R is an excellent language for data science. However, R behaves very differently from commonly used object-oriented languages like Java and Python. Such differences can cause huge inefficiencies to unsuspecting beginners of R. Let's take a look at one of the most misunderstood concepts in R: the inefficiency of using explicit for-loops, as indicated below.
# Process time comparison of explicit for-loop with implicit loops.
vec <- c(1:1000000)
# explicit version
system.time({for(i in 1:1000000) {
vec[i] <- vec[i] * 2
}})
# implicit version
system.time({vec <- vec * 2})
user system elapsed 0.872 0.003 0.876
user system elapsed 0.003 0.000 0.003
While both cases above do essentially the same operation, the first operation is considerably slower. At this point, most programmers will believe that R is a terrible language. But not so fast!
The key here is that R is a high-level language. This means that R is not actually the underlying machinery behind much of its available functionalities; rather, R uses C and Fortran. Why not just use C you say? That would be a nightmare to utilize. The whole purpose of the R language is to make these low-level programs easy to manage and use in the context of data science.

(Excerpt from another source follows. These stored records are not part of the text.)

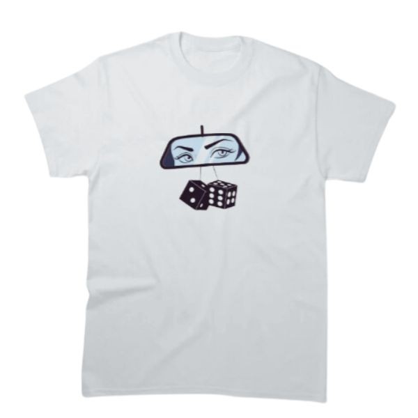 • Front print featuring a detailed illustration of a dipping rearview mirror with fuzzy dice.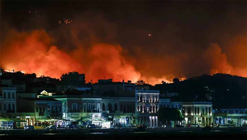 Η φωτιά εξακολουθεί να μαίνεται ανεξέλεγκτη, απειλώντας σπίτια και ξενοδοχειακές μονάδες.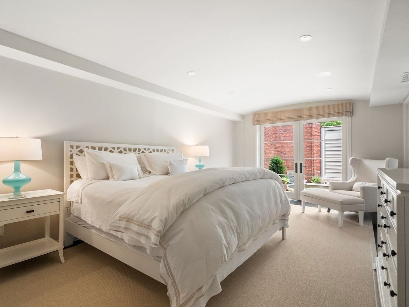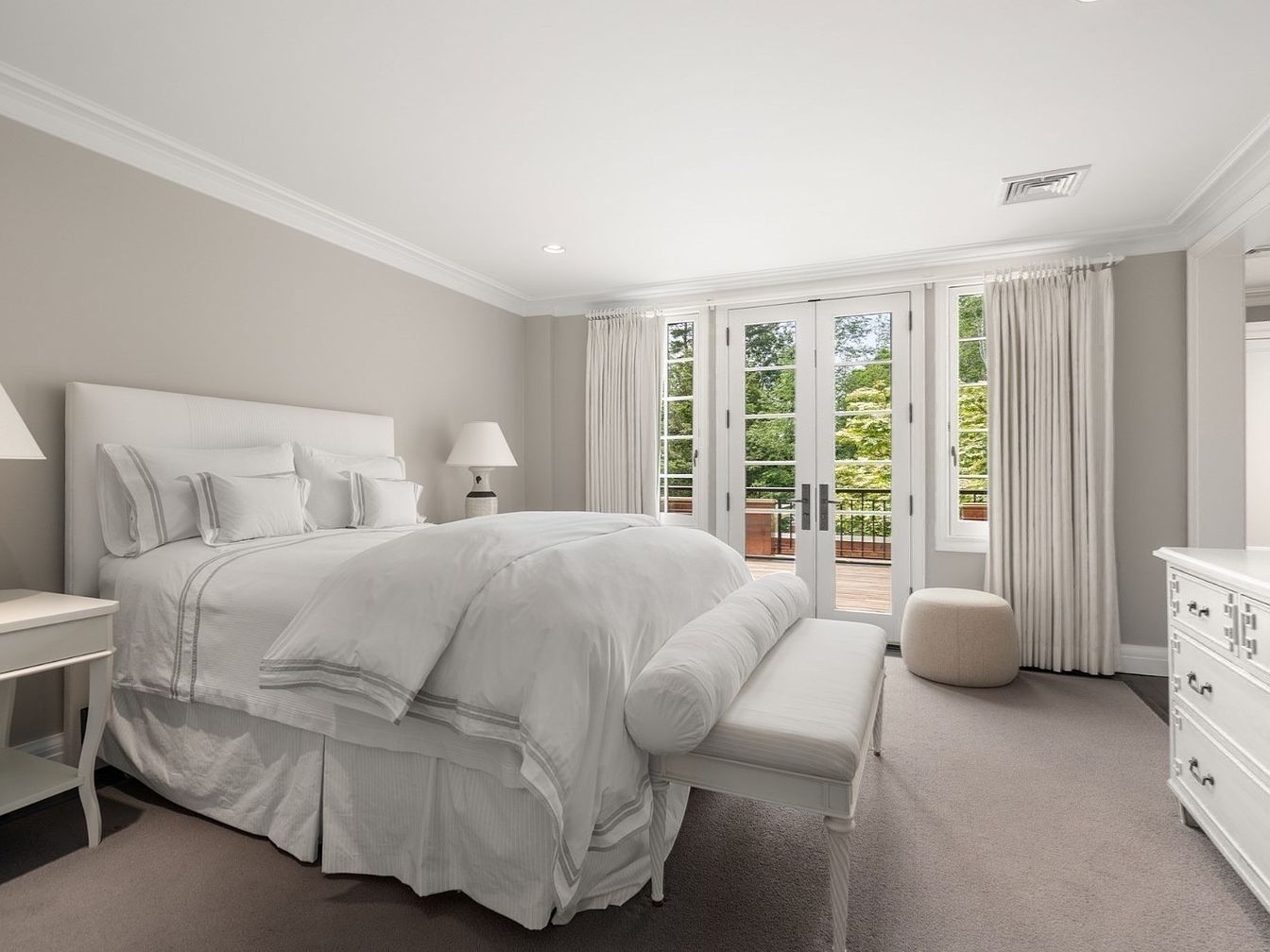 Serene and inviting, this master bedroom features a palette of soft neutrals with crisp white bedding, plush carpeting, and gentle off-white walls. A set of French doors floods the room with natural light and provides direct access to a garden-view balcony, creating a seamless connection between indoor comfort and outdoor serenity. The room boasts a spacious layout with a large, comfortable bed, classic bedside tables, and elegant lamps for ambient lighting. Thoughtfully chosen furnishings like a tufted bench and a cozy pouf add family-friendly elements for relaxation, while the uncluttered design ensures a peaceful environment perfect for unwinding.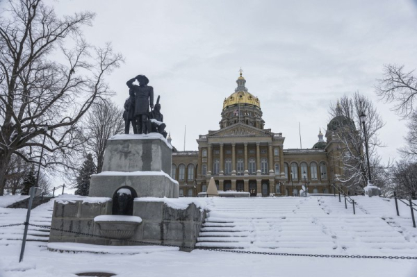 1 of 3 | The Iowa State Capitol is surrounded with snow after Winter Storm Finn hit the Midwest US causing slippery roads and extensive power outages, in Des Moines, Iowa, on Wednesday, January 10, 2024. According to reports over 160 million people were under weather alerts as the storm moves east. Photo by Tannen Maury/UPI | License Photo
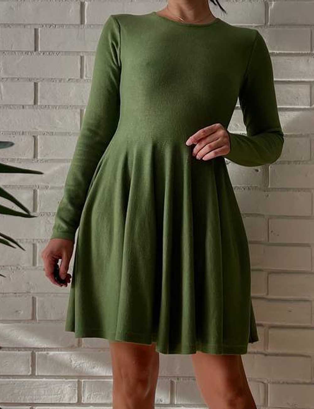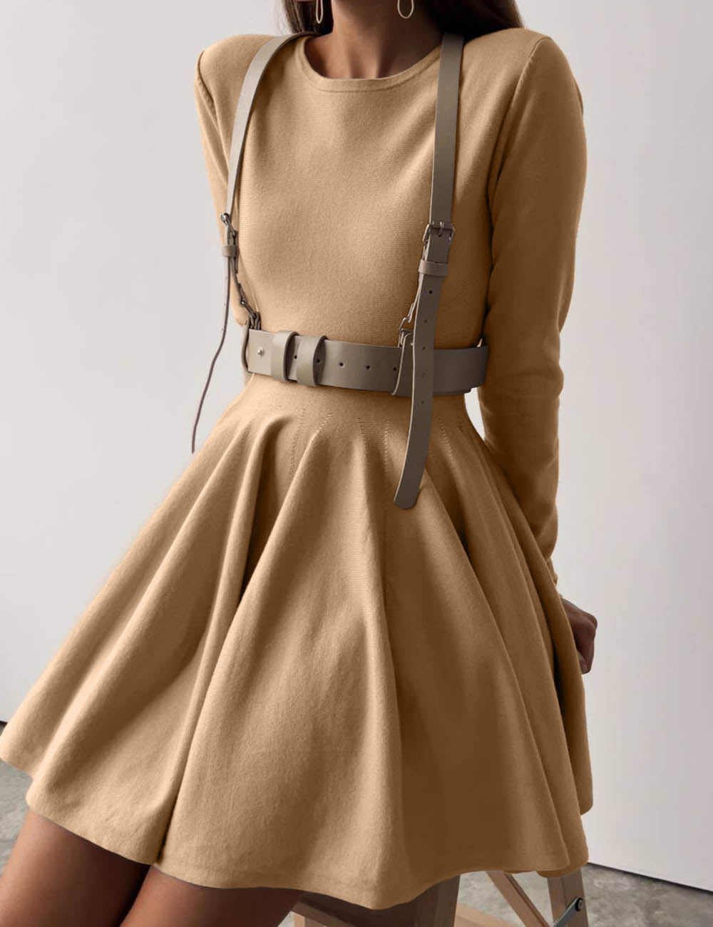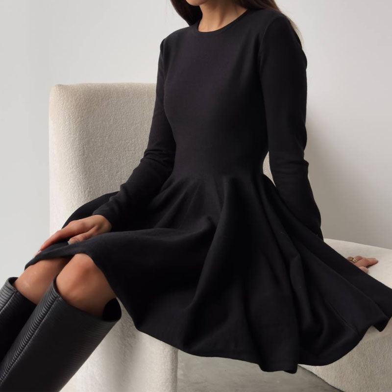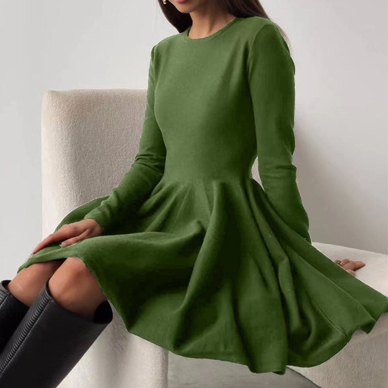 Elegant Round Neck Long Sleeve Flare Mini Dress DP25F721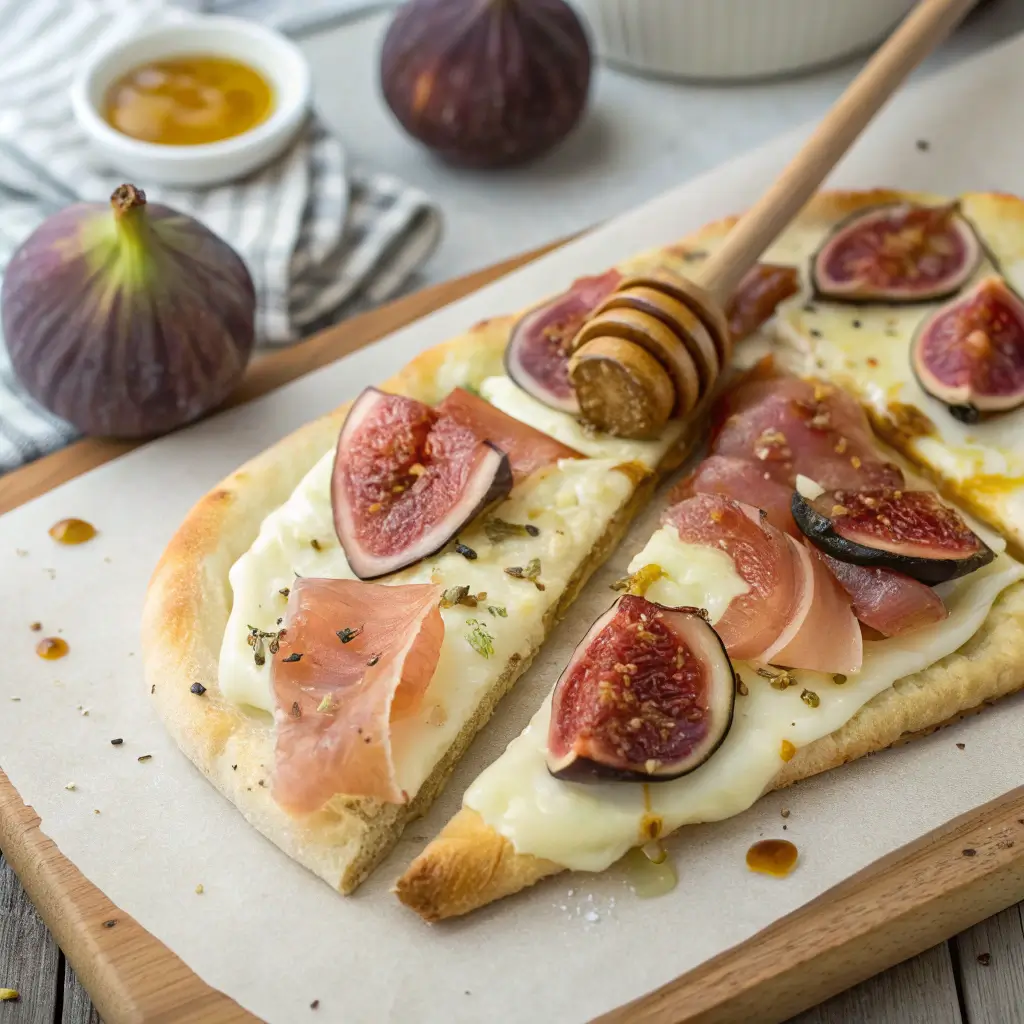 Flatbreads have been a staple of global cuisine for centuries, with variations found in Mediterranean, Middle Eastern, and European cooking. This particular combination draws inspiration from French and Italian flavors, combining creamy Brie with sweet figs and salty prosciutto — a classic flavor trio.

Each function call in R requires searching through its environment to find the function source code, registering the accompanying parameter inputs, evaluating data structure of handled object, and data type before passing it to C or Fortran. This "translation" is the root cause of slow R code. What aggravates this situation is that R objects are mostly immutable: R objects cannot be changed once created. There are good reasons - resilience of data being one - for such a choice. But this choice forces R to create new environment and new objects whenever changes are made to an object.
Take the first case, for example. What is this code doing? This code forces R to constantly "change" objects. In fact, it does so 1000000 times. Every single time, R has to create new environments and figure out data types etc. What about the second case? In this case, R needs to only change this object once. That is, it knows the resulting object's general size will be the same length as the original object even without doing all 1000000 calculations, it needs to create only one additional object and environment, and also can figure out the data types of all elements it will encounter for the entire period. Thus R overhead is significantly lower for the second operation.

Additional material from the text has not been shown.